Problem statement: Your copy of the data should match it exactly, except that the pictures are gone.

○ ○ ○ ○ ○

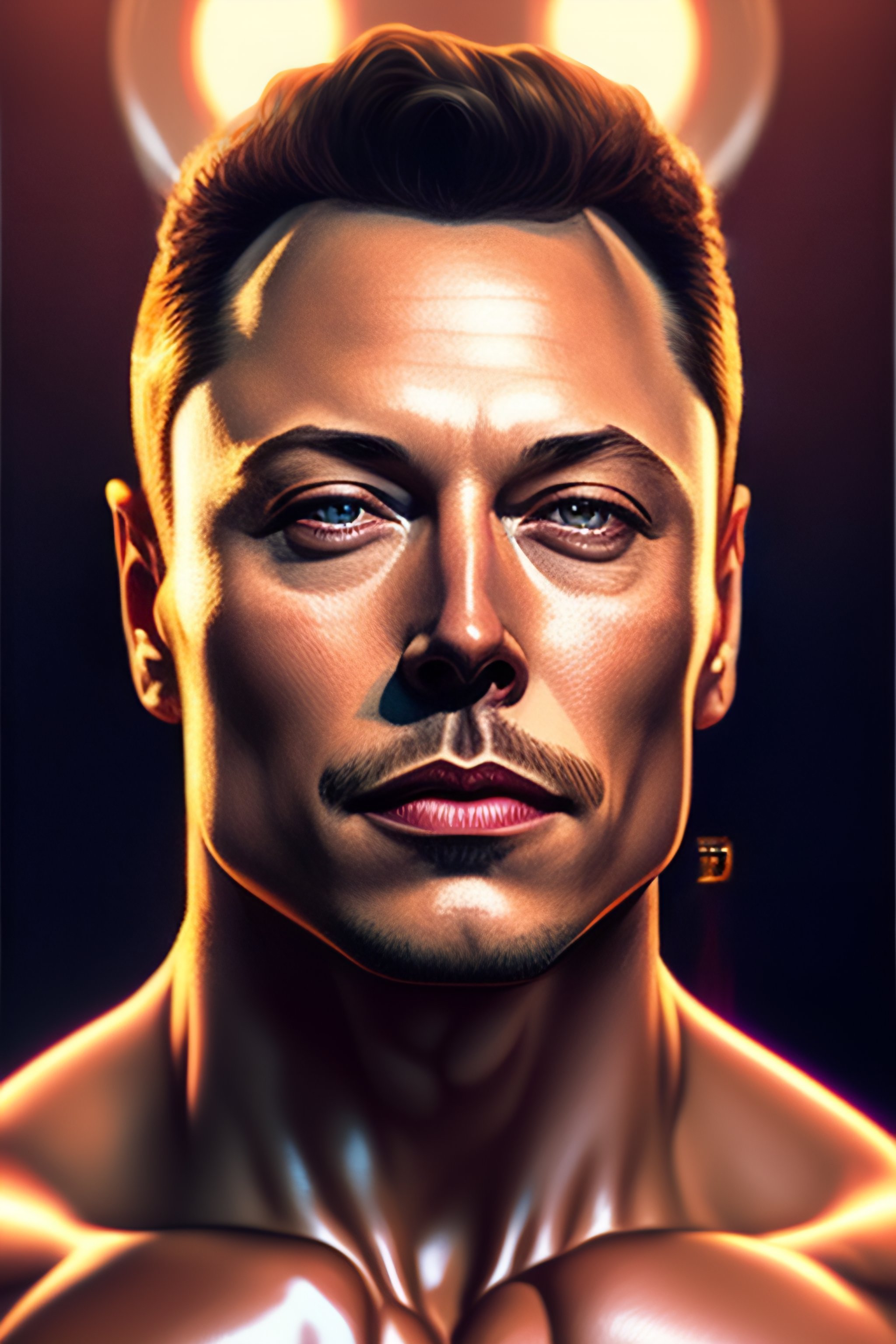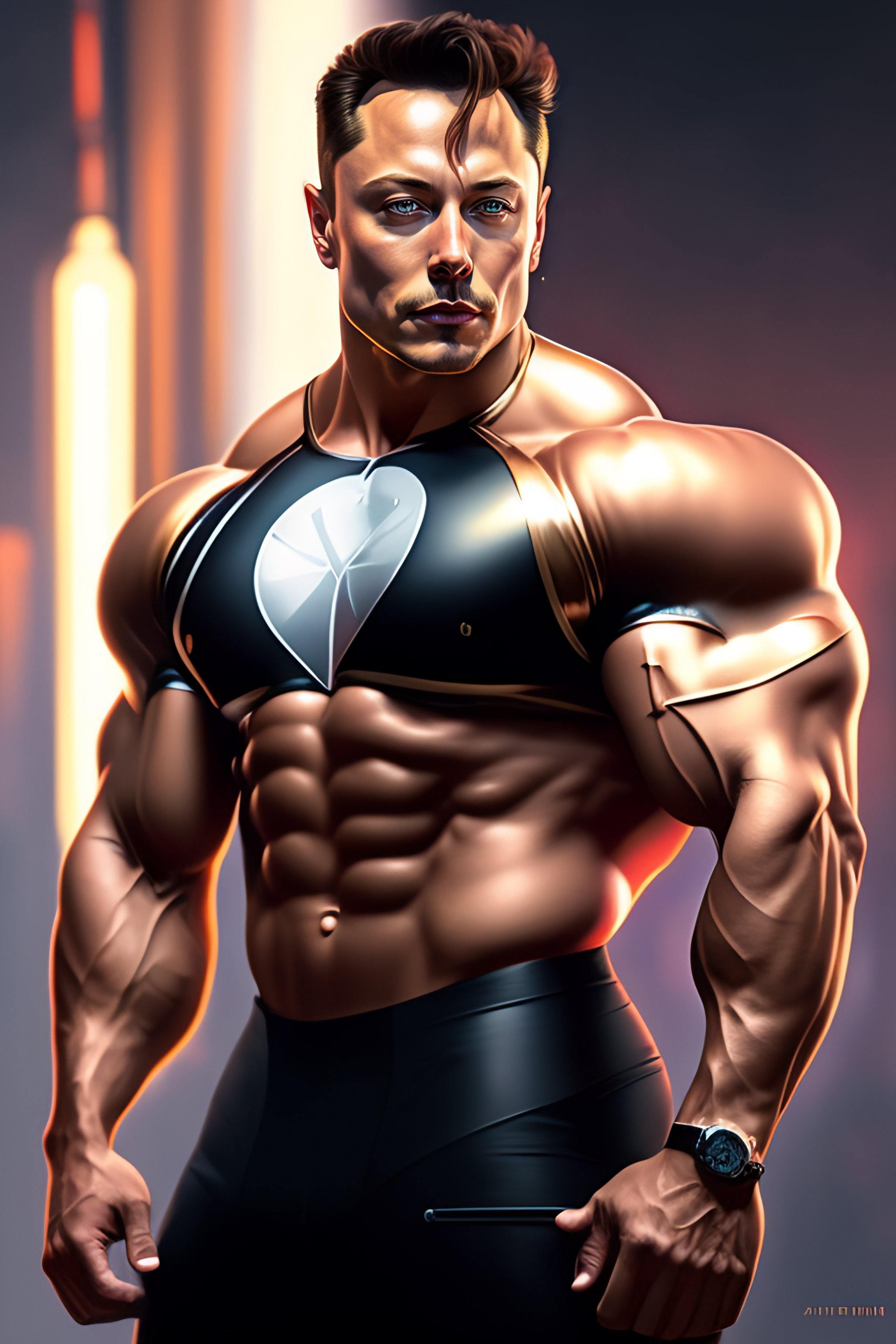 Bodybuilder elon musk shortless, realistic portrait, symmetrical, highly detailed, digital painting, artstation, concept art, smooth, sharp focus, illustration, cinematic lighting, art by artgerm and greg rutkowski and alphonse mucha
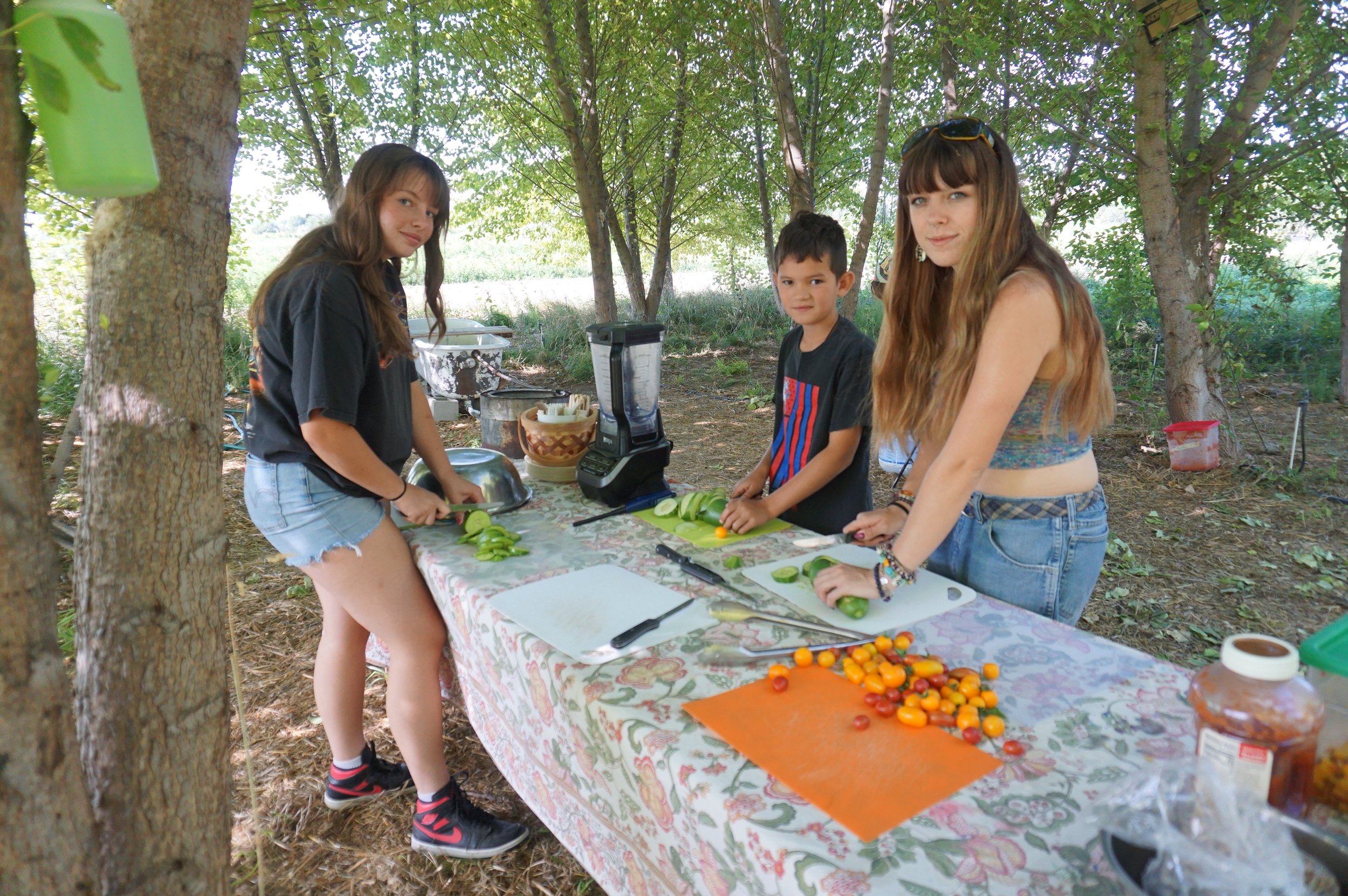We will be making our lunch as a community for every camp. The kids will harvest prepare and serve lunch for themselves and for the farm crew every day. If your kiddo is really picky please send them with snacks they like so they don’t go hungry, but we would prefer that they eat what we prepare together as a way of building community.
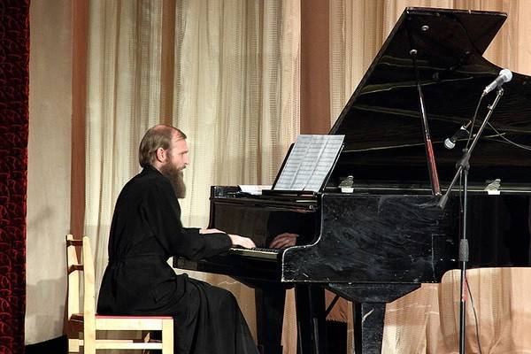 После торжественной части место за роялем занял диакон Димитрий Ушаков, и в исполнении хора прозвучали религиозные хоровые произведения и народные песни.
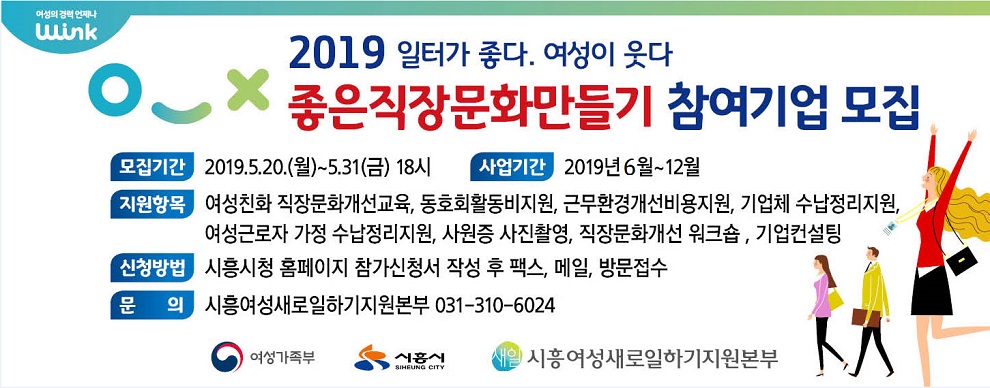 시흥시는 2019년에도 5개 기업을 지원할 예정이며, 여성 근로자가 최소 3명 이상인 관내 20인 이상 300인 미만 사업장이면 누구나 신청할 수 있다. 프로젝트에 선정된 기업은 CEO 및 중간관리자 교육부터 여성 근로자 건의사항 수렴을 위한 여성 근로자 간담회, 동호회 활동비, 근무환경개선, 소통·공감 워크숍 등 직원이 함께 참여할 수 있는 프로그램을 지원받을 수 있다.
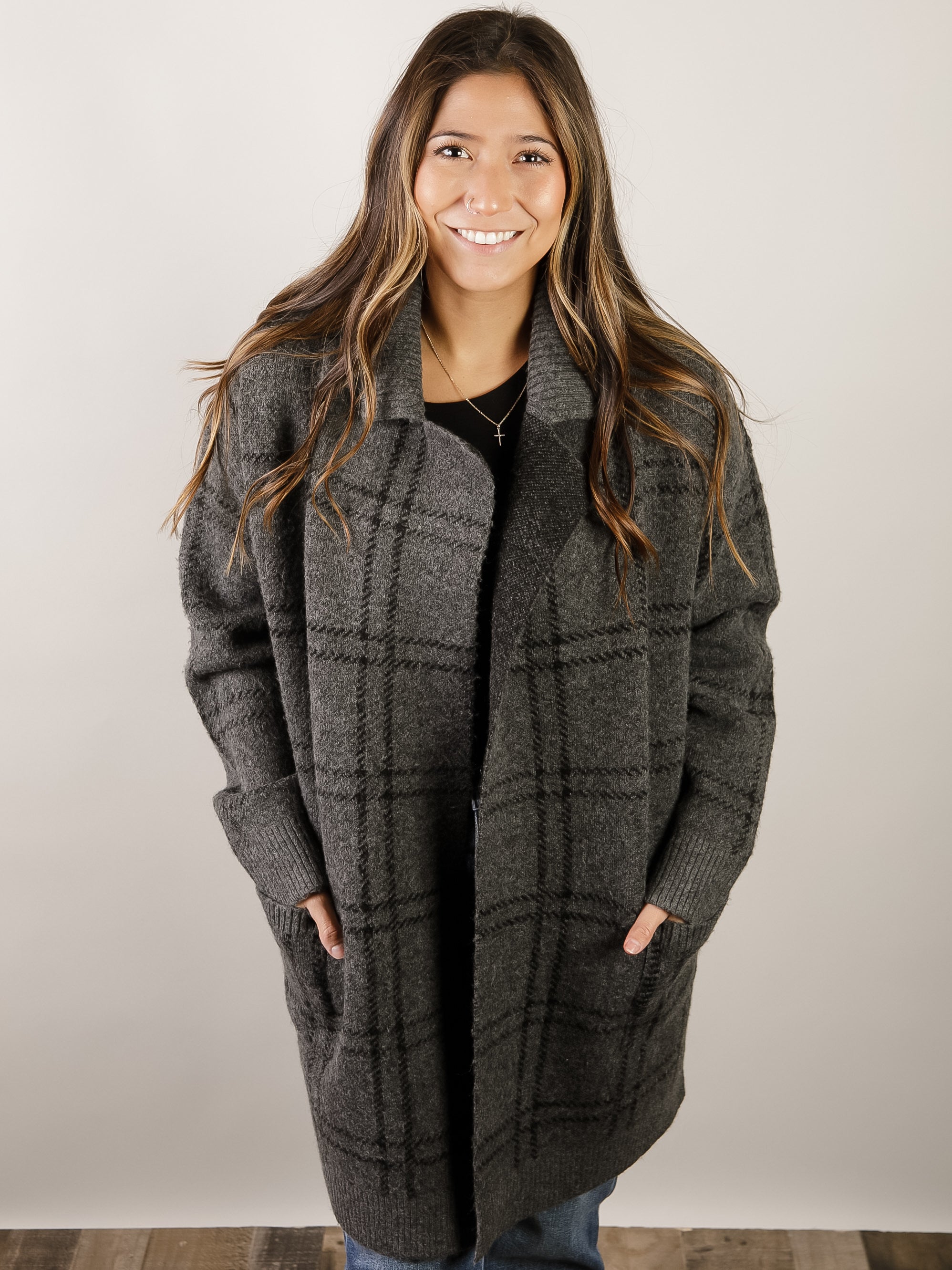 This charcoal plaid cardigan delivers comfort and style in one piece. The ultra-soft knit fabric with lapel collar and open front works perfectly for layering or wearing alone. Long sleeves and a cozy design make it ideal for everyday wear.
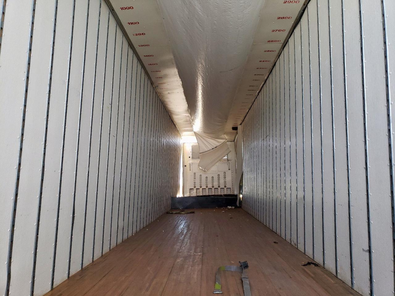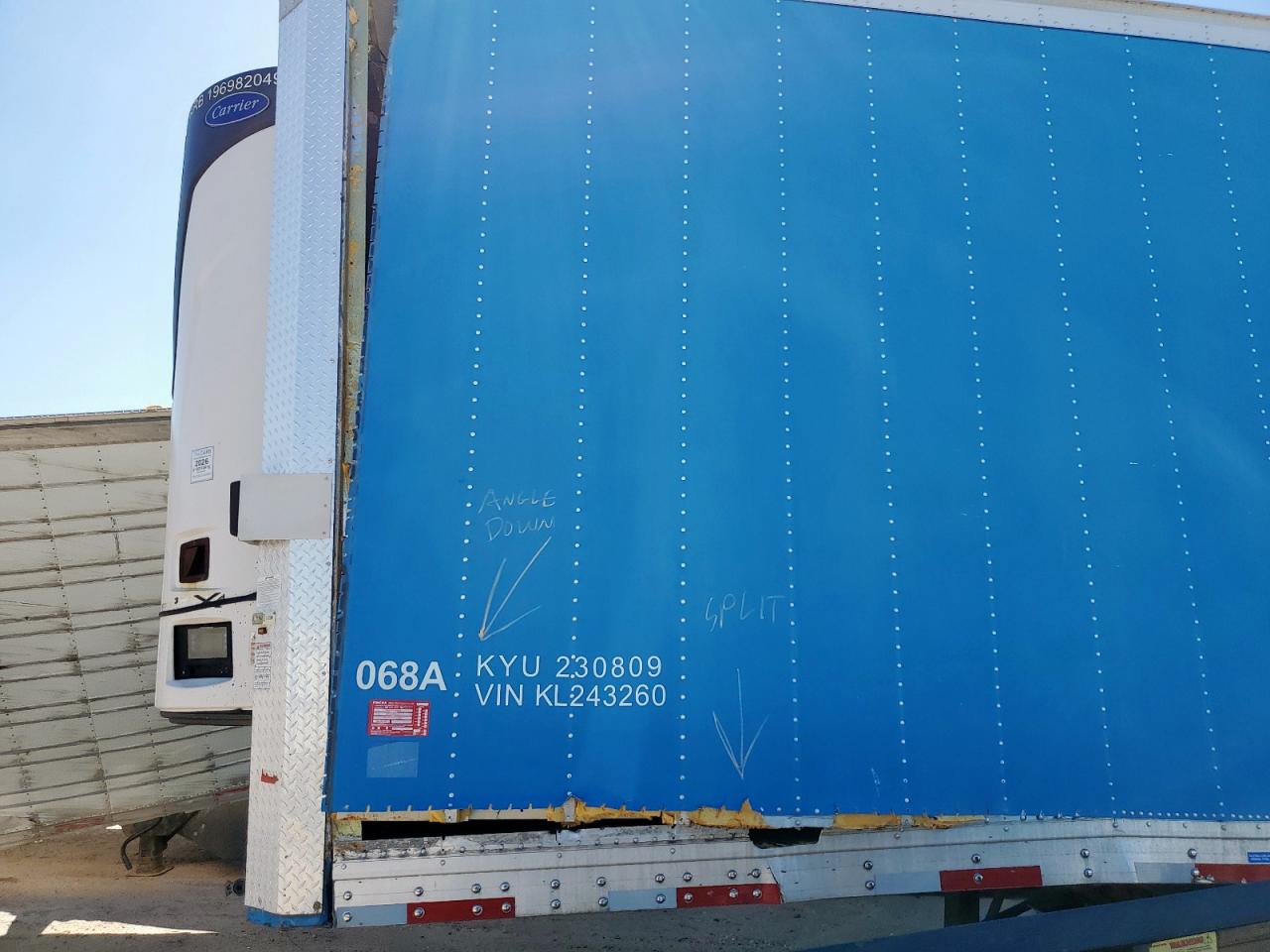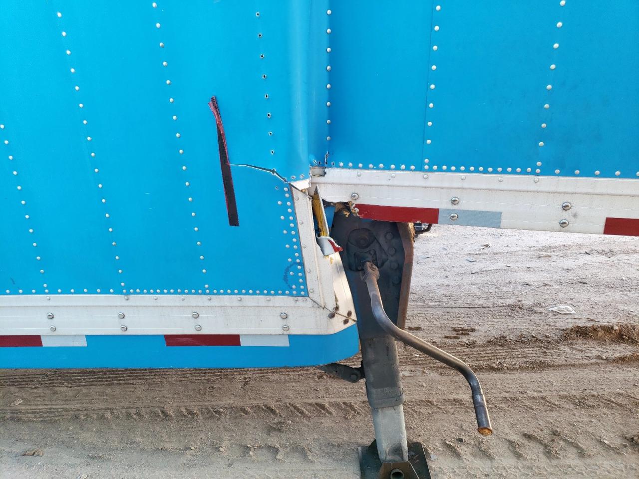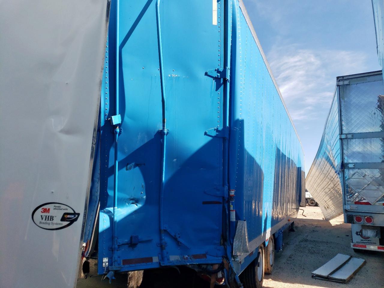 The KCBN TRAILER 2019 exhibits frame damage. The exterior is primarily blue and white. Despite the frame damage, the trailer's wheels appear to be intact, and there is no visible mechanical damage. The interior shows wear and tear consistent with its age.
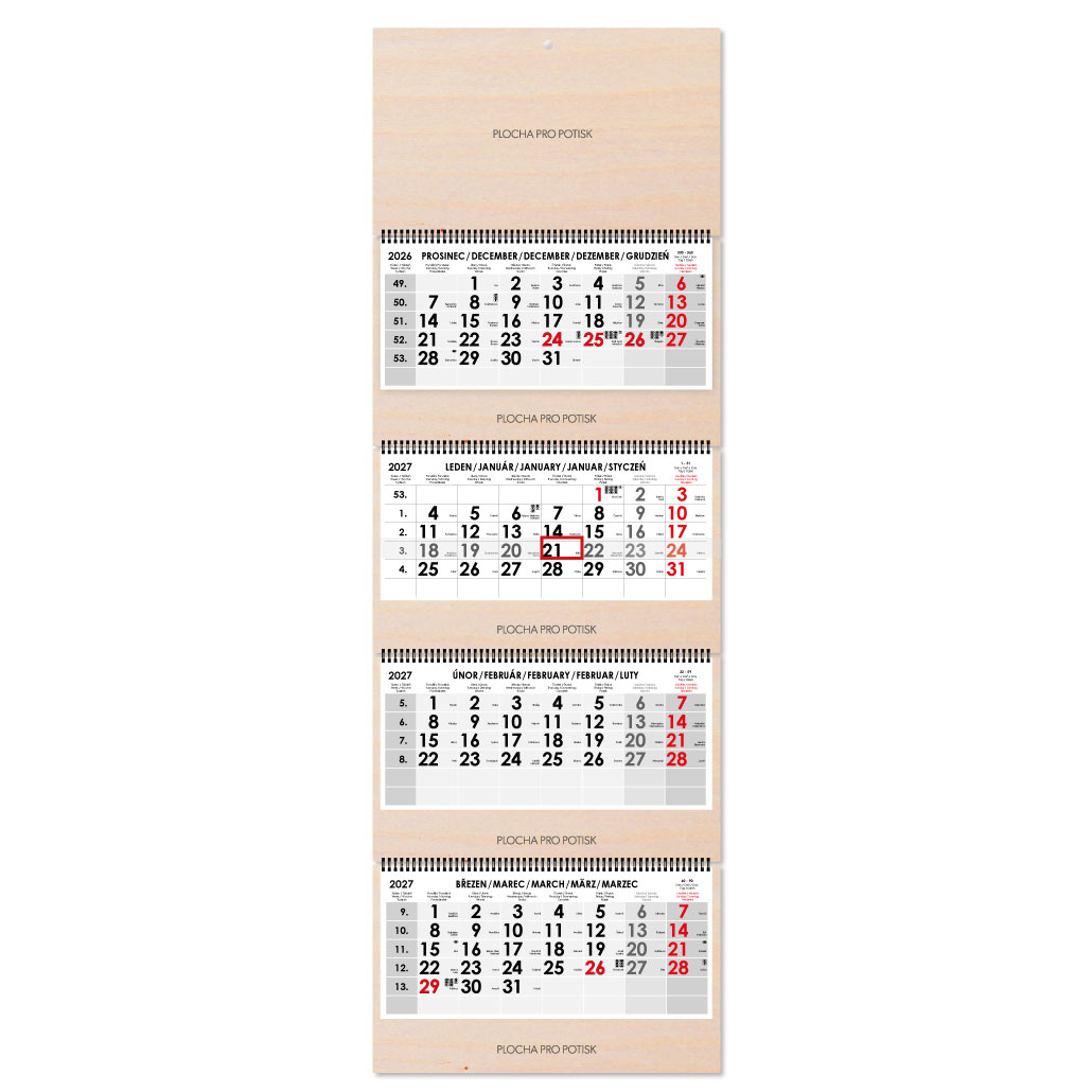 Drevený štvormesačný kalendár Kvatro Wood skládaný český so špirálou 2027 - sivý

○ ○ ○ ○ ○

The completed task:
 Bodybuilder elon musk shortless, realistic portrait, symmetrical, highly detailed, digital painting, artstation, concept art, smooth, sharp focus, illustration, cinematic lighting, art by artgerm and greg rutkowski and alphonse mucha
We will be making our lunch as a community for every camp. The kids will harvest prepare and serve lunch for themselves and for the farm crew every day. If your kiddo is really picky please send them with snacks they like so they don’t go hungry, but we would prefer that they eat what we prepare together as a way of building community.
 После торжественной части место за роялем занял диакон Димитрий Ушаков, и в исполнении хора прозвучали религиозные хоровые произведения и народные песни.
 시흥시는 2019년에도 5개 기업을 지원할 예정이며, 여성 근로자가 최소 3명 이상인 관내 20인 이상 300인 미만 사업장이면 누구나 신청할 수 있다. 프로젝트에 선정된 기업은 CEO 및 중간관리자 교육부터 여성 근로자 건의사항 수렴을 위한 여성 근로자 간담회, 동호회 활동비, 근무환경개선, 소통·공감 워크숍 등 직원이 함께 참여할 수 있는 프로그램을 지원받을 수 있다.
 This charcoal plaid cardigan delivers comfort and style in one piece. The ultra-soft knit fabric with lapel collar and open front works perfectly for layering or wearing alone. Long sleeves and a cozy design make it ideal for everyday wear.
 The KCBN TRAILER 2019 exhibits frame damage. The exterior is primarily blue and white. Despite the frame damage, the trailer's wheels appear to be intact, and there is no visible mechanical damage. The interior shows wear and tear consistent with its age.
 Drevený štvormesačný kalendár Kvatro Wood skládaný český so špirálou 2027 - sivý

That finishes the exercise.